What you need to do: Everything from the line holding "Our 4x6 inch" to the last line of the material below must be retyped exactly, minus any pictures.

Supplied material:
○ ○ ○ ○ ○
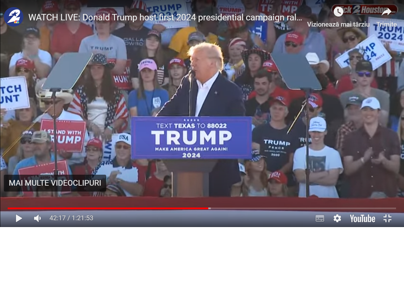 VIDEO Donald Trump in Texas: Prioritatile cele mai importante in cazul in care vor fi reales presedinte in 2024 le reprezinta oprirea razboiului din estul Europei, oprirea migratie ilegale la granitele noastre, interzicerea propagandei importiva albilor si a propagandei LGBT inunitatile de invatamant. Vom inceta distrugerea economiei care are loc chiar acum sub democrati
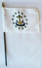 Our 4x6 inch Rhode Island Mounted Flags are made of a high quality silk-like 100% polyester and printed in bright bold colors. They feature a hemmed sleeve which is attached to a 24" x 1/4" wooden stick with a spear tip. Each flag is individually sewn around the edges.
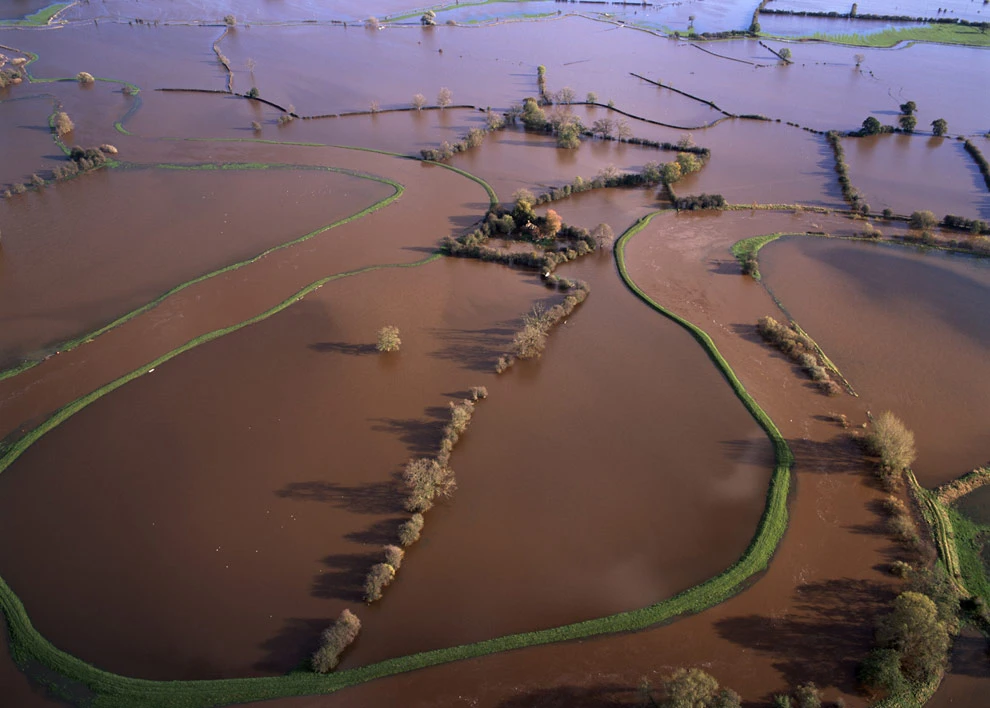 Затопленные поля в английском графстве Чешир, Великобритания. Google Map (© Jason Hawkes)
○ ○ ○ ○ ○
Solution to this task:
 Our 4x6 inch Rhode Island Mounted Flags are made of a high quality silk-like 100% polyester and printed in bright bold colors. They feature a hemmed sleeve which is attached to a 24" x 1/4" wooden stick with a spear tip. Each flag is individually sewn around the edges.
 Затопленные поля в английском графстве Чешир, Великобритания. Google Map (© Jason Hawkes)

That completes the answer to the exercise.